Increasing NCBO BioPortal and CEDAR Synergy for BD2K

Presenting Author Information 

Name

John Graybeal

Institution

Stanford University

PI

John Graybeal

Email

jgraybeal@stanford.edu

Phone Number

650-736-1632

Additional Author Information 

Names and affiliations of additional authors

(one per line)

Jennifer Vendetti, Stanford University

Michael Dorf, Stanford University

Martin O'Connor, Stanford University

Marcos Martínez-Romero, Stanford University

Mark Musen, Stanford University

Is there an additional contact person?

Yes

Name of additional contact

Michael Dorf

Email address of additional contact

mdorf@stanford.edu

Additional information 

Please choose the topic that best fits your abstract (posters will be grouped according to your selection). Detailed session descriptions can be found in the Abstract Guidelines.

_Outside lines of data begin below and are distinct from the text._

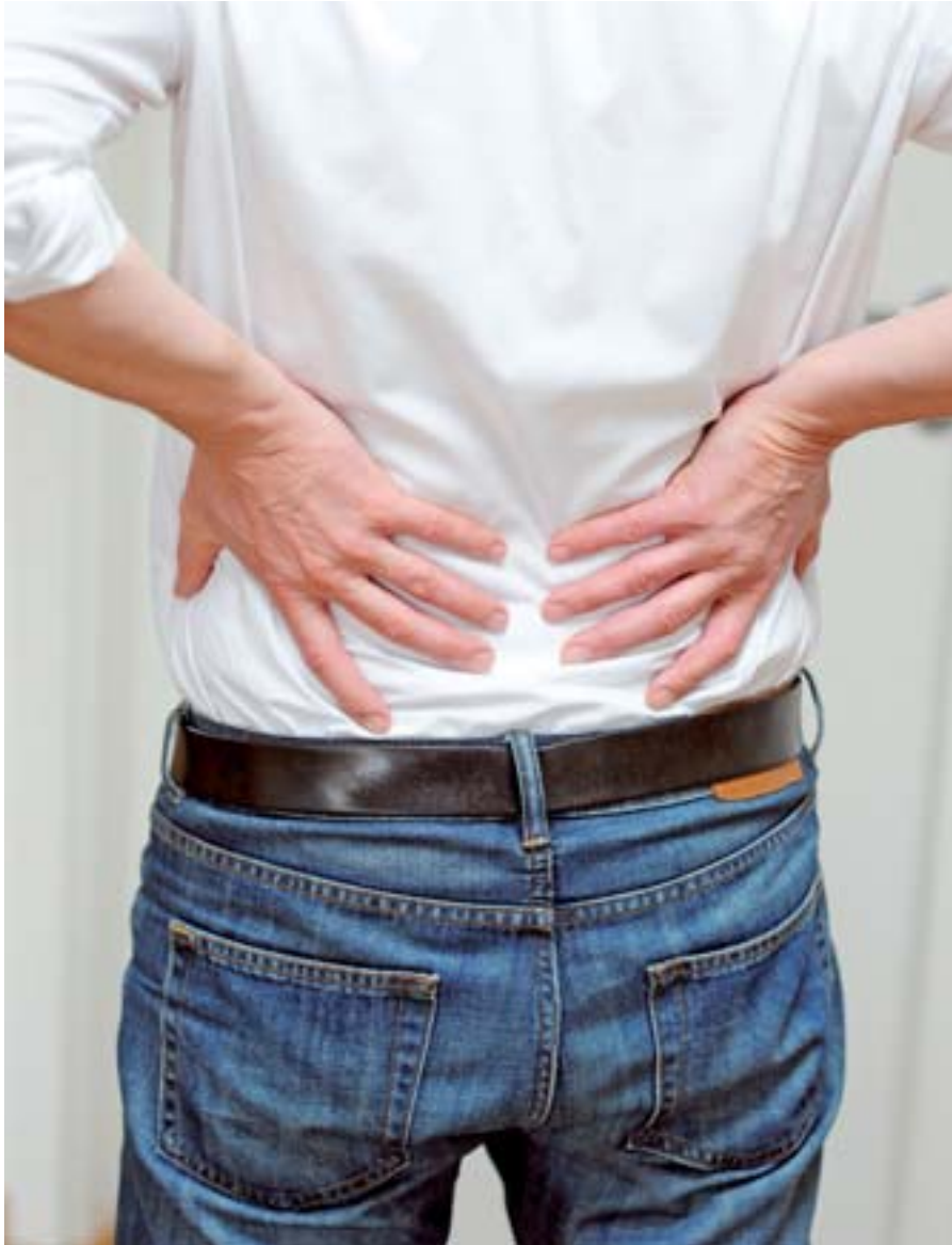
KORSRYGSMERTER Fear-avoidance beliefs (FAB) er overdreven frykt for bevegelser. Dette kan føre til at man unngår bevegelser og aktiviteter, og dermed bidrar til å opprettholde ryggplagene.

Many patients have more fear about their back pain than necessary.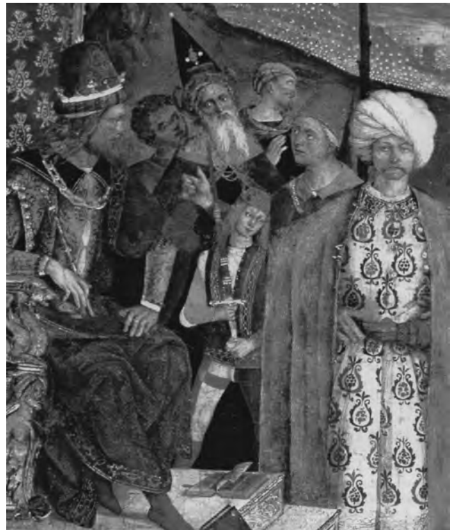
FIGURE 1. Presumed portrait of Jem Sultan, son of Mehmet II, which illustrates Europe’s fascination with the Oriental exoticism of the Turks, as found in the Història de Jacob Xalabín . Close-up from “The Disputation of Saint Catherine of Alexandria” by Pinturicchio (Vatican City, Borgia Apartment, ca. 1494)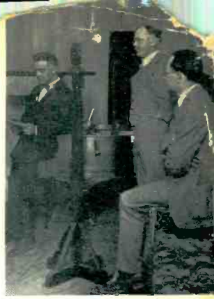
Broadcasting in 1923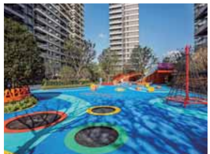
蘇州旭輝銷悅犀湖 Suzhou CIFI Lake Mansion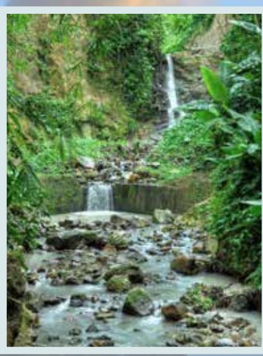
Rivers and Streams, St. Lucia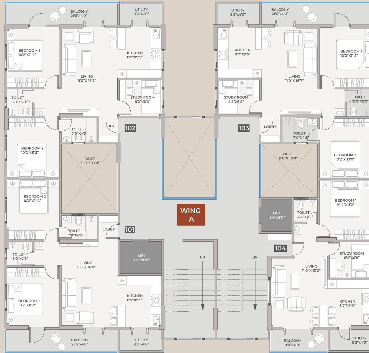
UNIT 1 Builtup Area 1040 sq.ft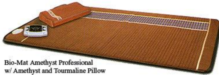
Bio-Mat Amethyst Professional w/ Amethyst and Tourmaline Pillow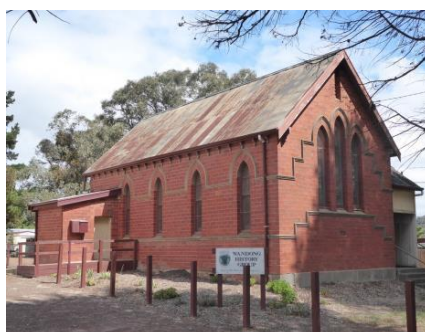
Former St Michael's Catholic Church Wandong History Group Wandong

A grant of $55,000 has been awarded to Quercus Beechworth to undertake conservation works to the former Methodist Church in Beechworth, repairing extensive water damage within the nave. Built in 1857, it was the first permanent church building on the Ovens goldfields. Today, the building is a much-used community centre, offering a range of activities including community food programs, educational activities and community gardens and provides a government access point. The grant will ensure this historic building continues to serve as a meeting point for the local community.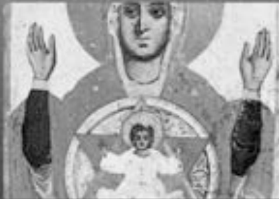
Greek Orthodox “Star”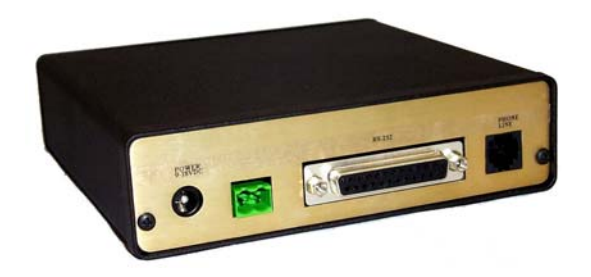
Rear view of D-Series modem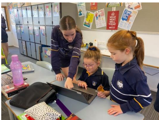
The Year 9B class helping their Year 1/2B Buddy Class to do the Classroom Pulse 'Check In'

Catholic Education SA believes that our role is to help every child to be a thriving person, capable learner and a leader for the world God desires. We believe this Check In will play an important part in supporting that goal and your child. Please do not hesitate to contact the College if you require any further information.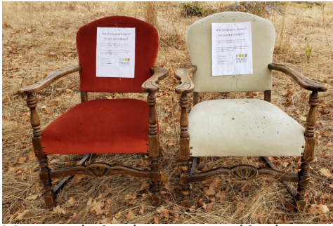
Mystery chairs that appeared in the park this summer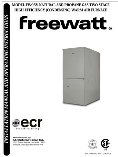
Installation, Operation & Maintenance Manual 240007583 REV D [04/2012]

NATURAL AND PROPANE GAS TWO STAGE HIGH EFFICIENCY (CONDENSING) WARM AIR FURNACE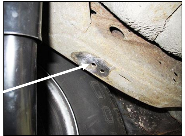
Figure 6 – Right factory hanger holes

Enlarge these two holes to 3/8" diameter.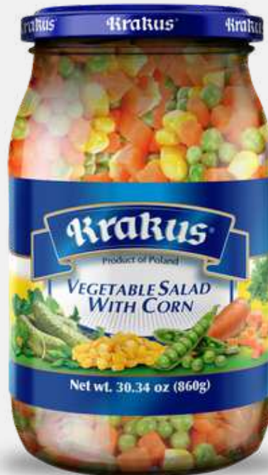
VEGETABLE SALAD WITH CORN SAŁATKA WARZYWNA Z KUKURYDZĄ 30.34 oz | 860 g | 6 units UPC# 820213124740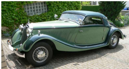
1936 Mercedes Benz

Plenty of parking is available for those driving collector cars or daily drivers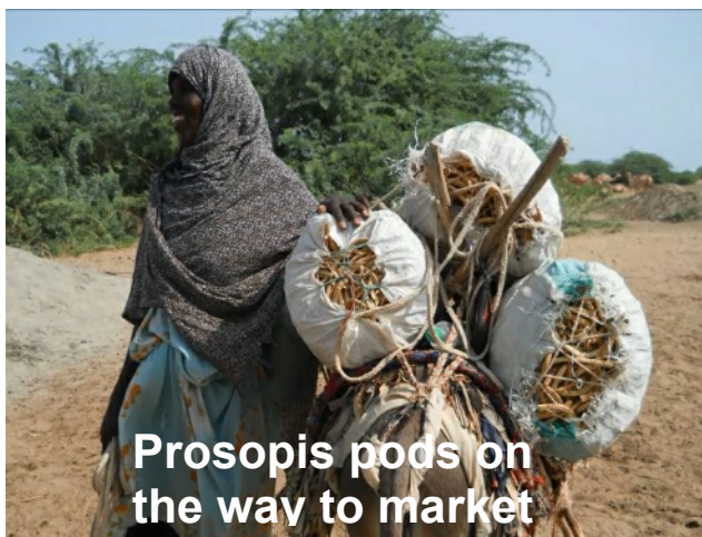
Prosopis pods on the way to market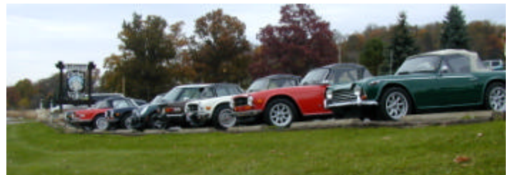
Notice who has their tops down

Winner of VTR Best Newsletter Award – 2003!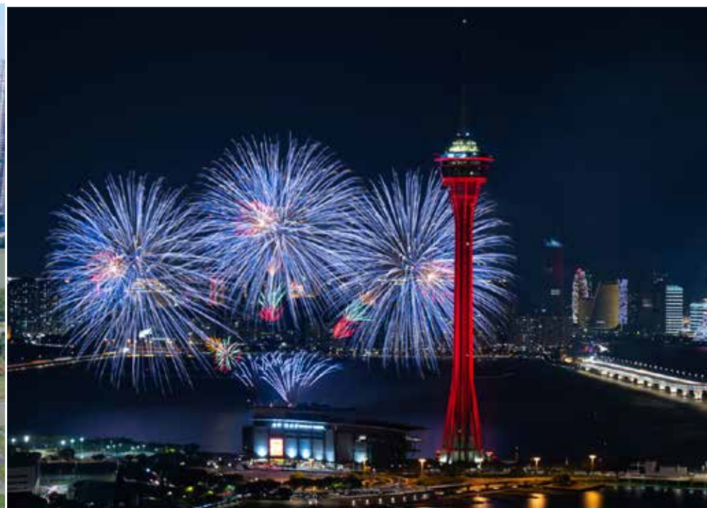
Fireworks illuminate the sky in Macau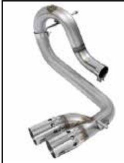
Side-Exit Exhaust System

P/N: 49-44065-B (Blk Tip) 49-44065-P (Pol Tip)

Software, Analysis, & Methods Development

Please consider my abstract for a (See Presentation Guidelines)

Poster only

Poster presentations may be submitted electronically in order to reach a wider audience and be available after the All hands meeting. Do you plan to submit your poster as a digital submission in addition to bringing a physical copy?

Yes

Abstract Title

Increasing NCBO BioPortal and CEDAR Synergy for BD2K

Abstract Description

The NCBO BioPortal provides Web services for over 500 biomedical ontologies, allowing investigators to annotate and retrieve data, generate value sets, and perform advanced analytics of a wide range of biomedical and clinical data. BioPortal provides core services for many CEDAR metadata activities, and also heavily serves the wider BD2K community—seven out of eight centers responding to the BD2K metadata survey cited BioPortal as an essential resource for their work. 

We have completed some long-planned features enabling or optimizing CEDAR’s use of BioPortal. With this year’s supplement, we have begun pursuing enhancements to maximize BioPortal’s value to CEDAR and advance BioPortal’s integration with other BD2K programs and services. We present the work accomplished, and enhancements that are being made available over the course of this supplement.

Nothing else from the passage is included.